Screen methods for similarity search
JChem Base product contains two types of built-in fingerprint methods: chemical hashed fingerprints for molecules and reaction fingerprints for reactions; and allows the use of more molecular descriptors/fingerprints as extended connectivity fingerprints, pharmacophore fingerprints, Burden eigenvalue descriptors; and provides the possibility of the application of user-defined custom molecular descriptors.
Similarity search in file
Similarity search in files runs always on the basis of the built-in chemical hashed fingerprints for molecules and reaction fingerprints for reactions.
Similarity search in database
Similarity search in database could be run not only on the basis of chemical hashed fingerprints , but also on the basis of other screen methods as well. The possibility of the application of other screen methods strongly depends on the used platform.
Built-in fingerprint-based screen methods
JChem Base product contains the following built-in fingerprint-based screen methods available for similarity search:
The Chemical Hashed Fingerprints and Reaction Fingerprints are automatically generated in the JChem tables during the data import process; similarity search uses these generated fingerprints by default.
The built-in fingerprints are generated on-the-fly if similarity search is executed in files.

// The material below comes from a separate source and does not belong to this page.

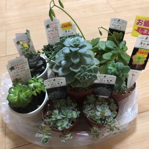 ホーマックデポで多肉用の棚を見に行ったら 取り扱ってませんと言われ 多肉ちゃんコーナーを覗いたら お値打ち価格が何点かあり 我が家にもある薄化粧が¥100 薄氷¥328←3号鉢 子吹が数箇所 我が家にない子持ち蓮華 × 2鉢 ゴルビュー × 1鉢 エメラルドグリーン × 1鉢 大和錦 × 1鉢 レティジア × 1鉢 エメラルドグリーンと大和錦とゴルビューには 花芽があり エメラルドグリーンには 可愛い黄色の花が咲いてます❤︎*。 子持ち蓮華はモリモリにしたいから 大きな鉢に植え替えする予定だけど これで大丈夫なんですか? 雨ざらしにしても大丈夫みたいな事を とある子持ち蓮華の出品者様が言ってましたが 大丈夫なのか、先輩方コメントお待ちしてます🙏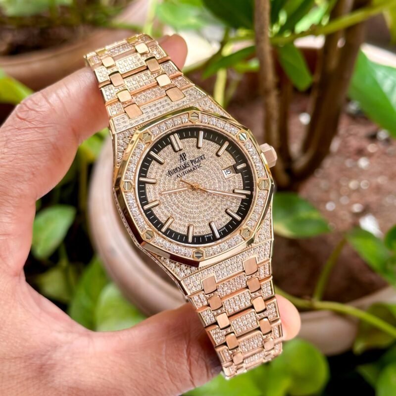 – Stainless steel Rosegold Diamond Studed Case With Diamond In The Dial & Date Indicator

Descriptor-based screen methods
The following descriptor-based screen methods are available for similarity search:
-
Extended Connectivity Fingerprints ( ECFP/FCFP )
-
Burden eigenvalue ( BCUT ) descriptors
For the application of descriptor-based screen methods separate license is needed.
For the generation of the above listed fingerprints/descriptors, you have to add them to the tables concerned, and let the tables be recalculated. See Administration guide of JChem Manager about how to modify a JChem table by addition molecular descriptors. Molecular descriptors can be generated on the basis of molecular descriptor configuration files. See an example configuration file here .
Further information about generation of molecular descriptors in JChem Cartridge can be found in Generic Molecular Descriptor support in JChem Cartridge, and about the GenerateMD application in Generate Molecular Descriptors documentations.
Molecules in low energy conformation serve as input for 3D similarity comparison. 3D conformation may be obtained by ChemAxon's Clean3D tool.
Screen3D evaluates 3D Tanimoto similarity between pairs of molecules by maximizing the intersection of their volumes. The volume may colored by pharmacophoric properties or by atom types. During the calculation the structures are translated and rotated and the rotatable bonds are tweaked. See example here.
Descriptor-based similarity search can be speeded up by caching the descriptor data. See details of caching.
Customized screen methods
In JChem there is a possibility to apply user-defined custom descriptors/fingerprints. See the details in the Custom descriptor implementation section of the JChem developer's guide, Generic Molecular Descriptor support in JChem Cartridge, and Generate Molecular Descriptors documentations.
Metrics
Similarity / Dissimilarity metrics for molecules
Various metrics are provided in JChem to compute the value of similarity or dissimilarity. Some metrics (for example Tanimoto) provide similarity values, some other metrics (for example Euclidean) provide dissimilarity values. The values calculated with the metrics listed in the table below (with the exception of Euclidean) vary from 0 to 1. Similarity (S) value can be calculated from the value of dissimilarity(D): S = 1 - D (with the exception of Euclidean metric).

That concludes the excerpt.